[Exercise objective]: Lines from the one containing "顶级品质 配高档飞机盒 DDD" through the end of the material are to be retyped exactly; do not copy pictures.

[Supplied material]:
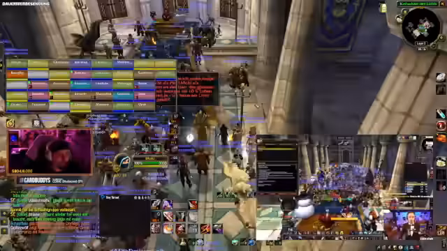 06:53:39Alle Streamer treffen sich in der Kathedrale des Lichts für das offizielle Gildentreffen. Es gibt Diskussionen über die Organisation des Raids und das Portalieren nach Mulgur für einen World Buff. Die Mitarbeiter der Woche, Han und Goldgoblin, werden für ihre außergewöhnliche Unterstützung in der Gilde ausgezeichnet. Vor der Ankündigung der Raid-Gruppen gibt es eine Schweigeminute für verstorbene Gildenmitglieder und eine kleine musikalische Einlage.
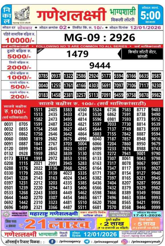 | Maharashtra State Ganeshlaxmi Bhagyashali Weekly Lottery 12.1.2026 Result | Maharashtra State Lottery 5PM Result | Maharashtra State Ganeshlaxmi Bhagyashali Weekly Lottery Result Today 5:00PM| Maharashtra State Lottery Result 05:00PM Today Live Draw | Maharashtra State Lottery | Check Maharashtra Ganeshlaxmi Bhagyashali Weekly Weekly Lottery Result | |
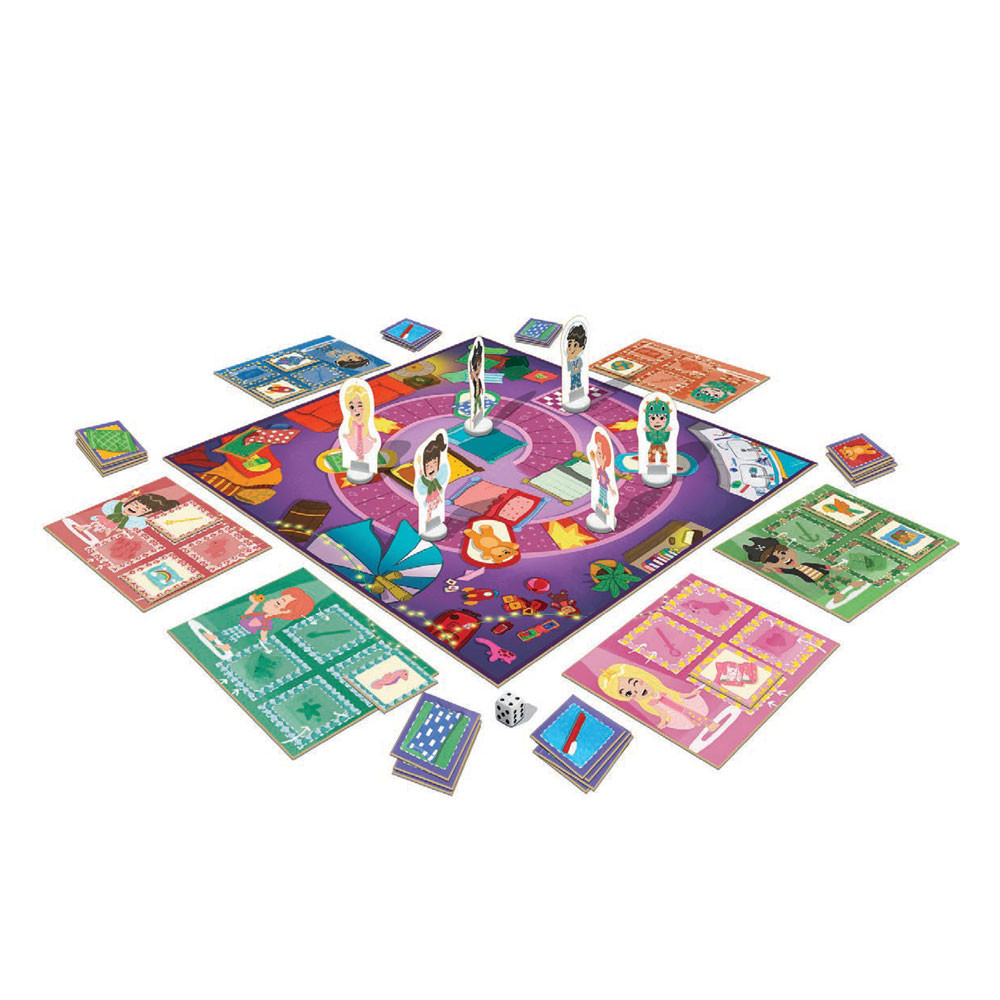Contém: 1 tabuleiro de jogo, 6 cartas de jogador, 24 cartas, 6 azulejos, 1 dado, regras do jogo
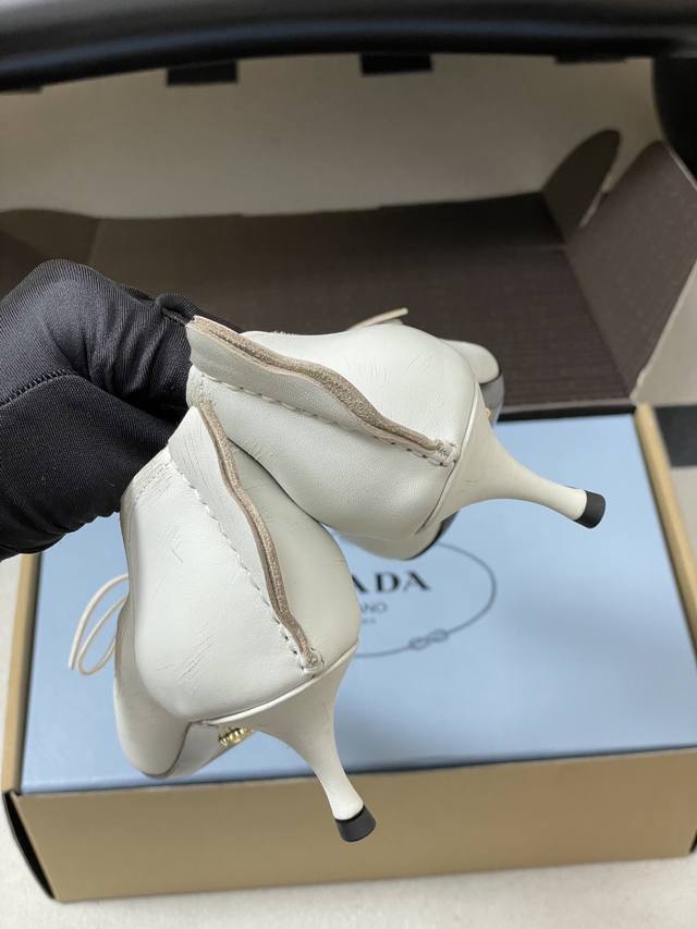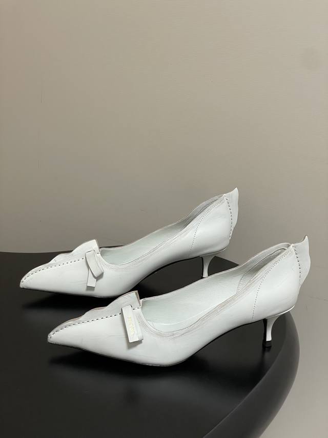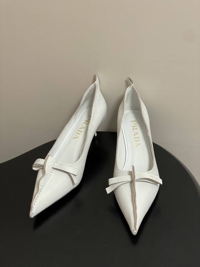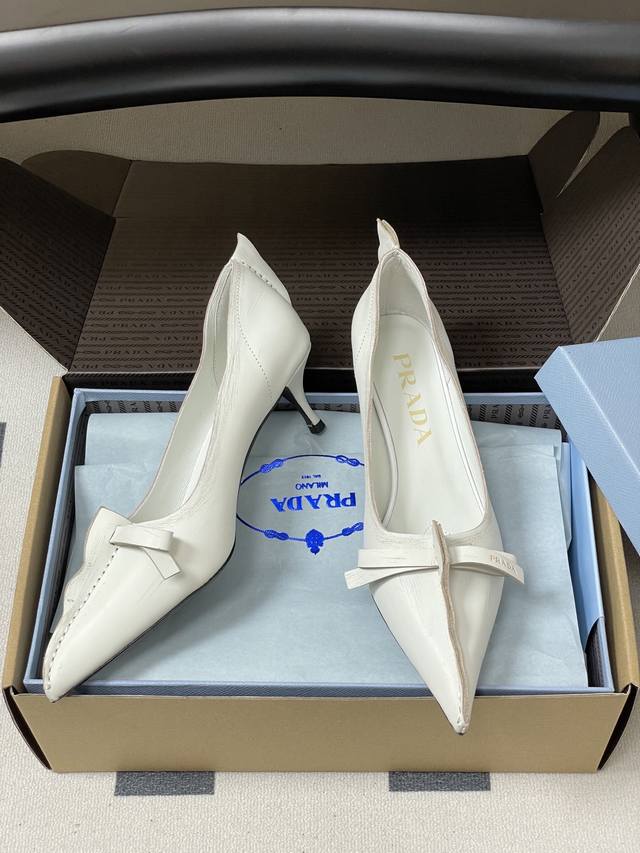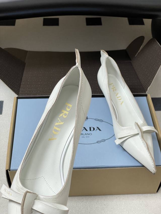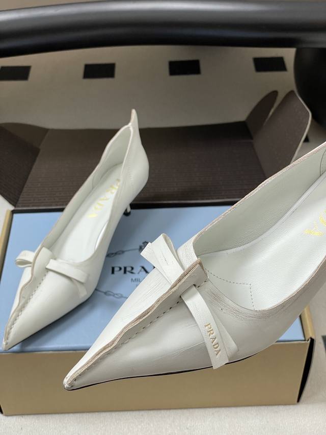 顶级品质 配高档飞机盒 DDD 25Aw早秋新款prada 普拉达走秀款尖头做旧蝴蝶结高跟鞋 复古老钱风小猫跟单鞋 DDD 未来科技感满满 时尚界久违的极简之美 时髦又精致 日常穿出高级感 DDD 强烈的线条和大胆的细节将象征女性魅力的高跟鞋转变为独特而非传统的设计。尖头廓形采用做旧皮革,具有明显的缝线和故意未完成的原始切割边缘。精致的细高跟完美呈现出此款鞋履的多面风格。 DDD 选用优质皮革材质,质感高级,且有做旧效果的纹理,呈现出复古又摩登的质感,工艺精细,体现品牌高端品质。细高跟设计,提升穿着者气场
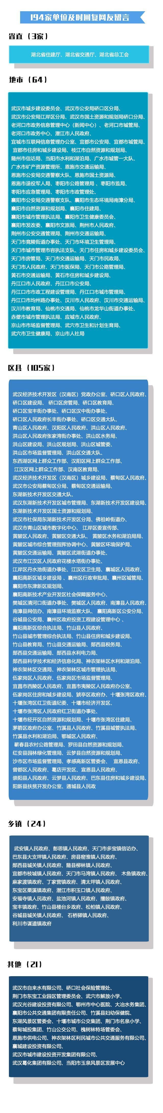 湖北省內各入駐單位及時回復網友留言,響應群眾關切,欄目組代表廣大網友表示誠摯感謝!同時,因各種原因,還有部分留言沒有得到及時回復,如有回音,請在《民生熱線》《荊楚問政》中及時給予回復。
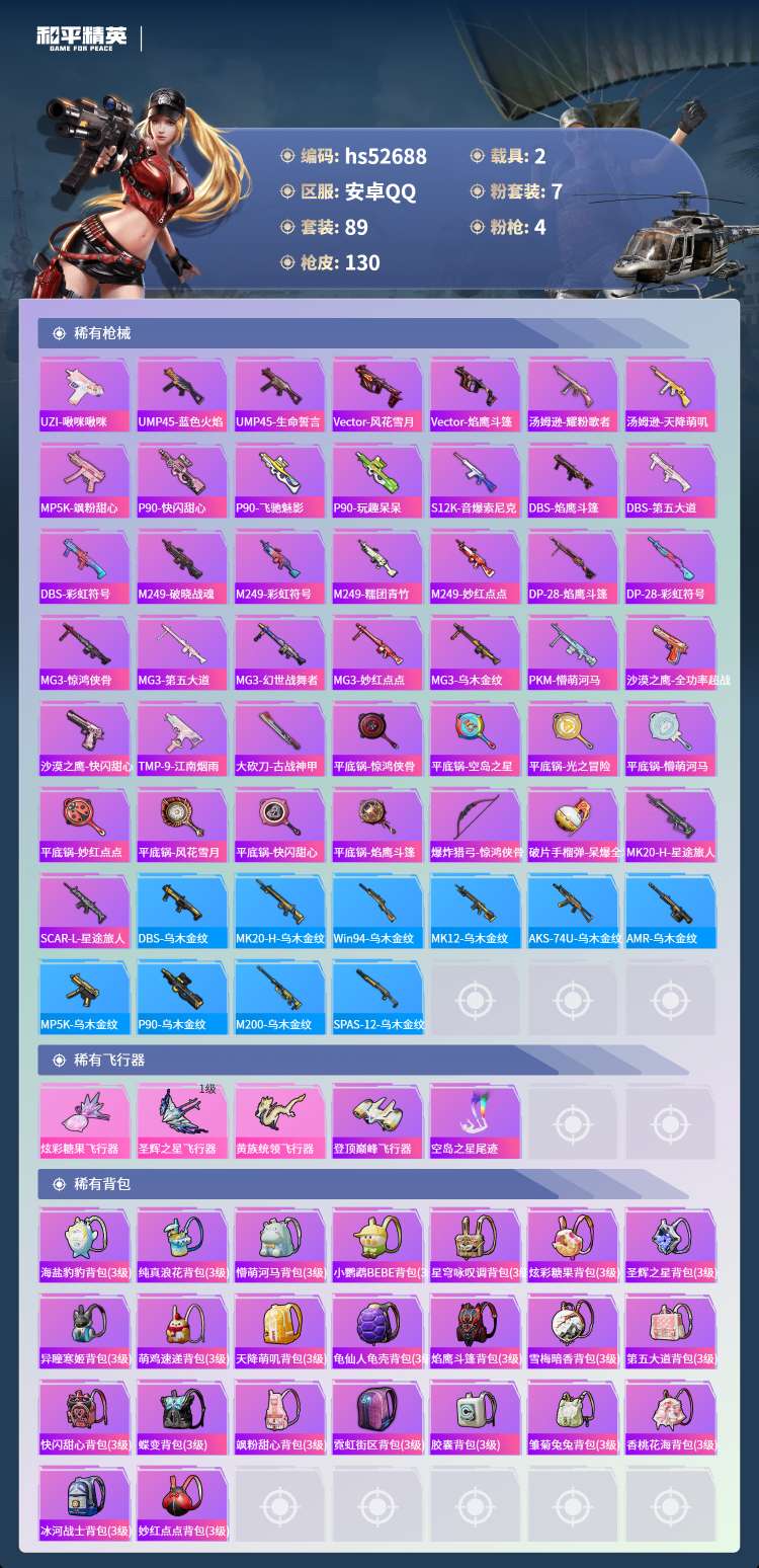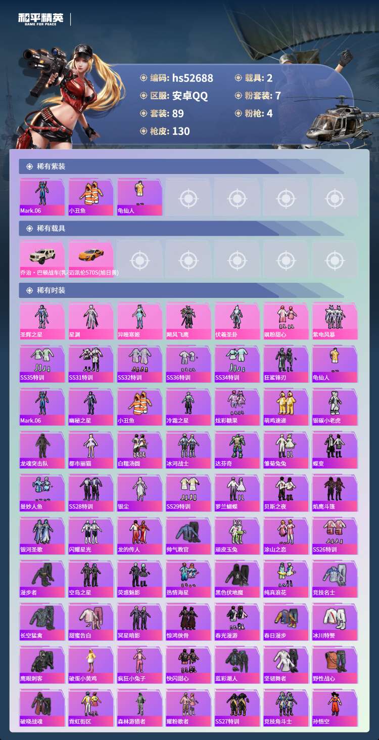 hs52688 安卓手Q-5王牌印记-7粉装-4特效枪-2载具-42405热力值-89套装-130枪

[Exercise solution]:
 顶级品质 配高档飞机盒 DDD 25Aw早秋新款prada 普拉达走秀款尖头做旧蝴蝶结高跟鞋 复古老钱风小猫跟单鞋 DDD 未来科技感满满 时尚界久违的极简之美 时髦又精致 日常穿出高级感 DDD 强烈的线条和大胆的细节将象征女性魅力的高跟鞋转变为独特而非传统的设计。尖头廓形采用做旧皮革,具有明显的缝线和故意未完成的原始切割边缘。精致的细高跟完美呈现出此款鞋履的多面风格。 DDD 选用优质皮革材质,质感高级,且有做旧效果的纹理,呈现出复古又摩登的质感,工艺精细,体现品牌高端品质。细高跟设计,提升穿着者气场
 湖北省內各入駐單位及時回復網友留言,響應群眾關切,欄目組代表廣大網友表示誠摯感謝!同時,因各種原因,還有部分留言沒有得到及時回復,如有回音,請在《民生熱線》《荊楚問政》中及時給予回復。
 hs52688 安卓手Q-5王牌印记-7粉装-4特效枪-2载具-42405热力值-89套装-130枪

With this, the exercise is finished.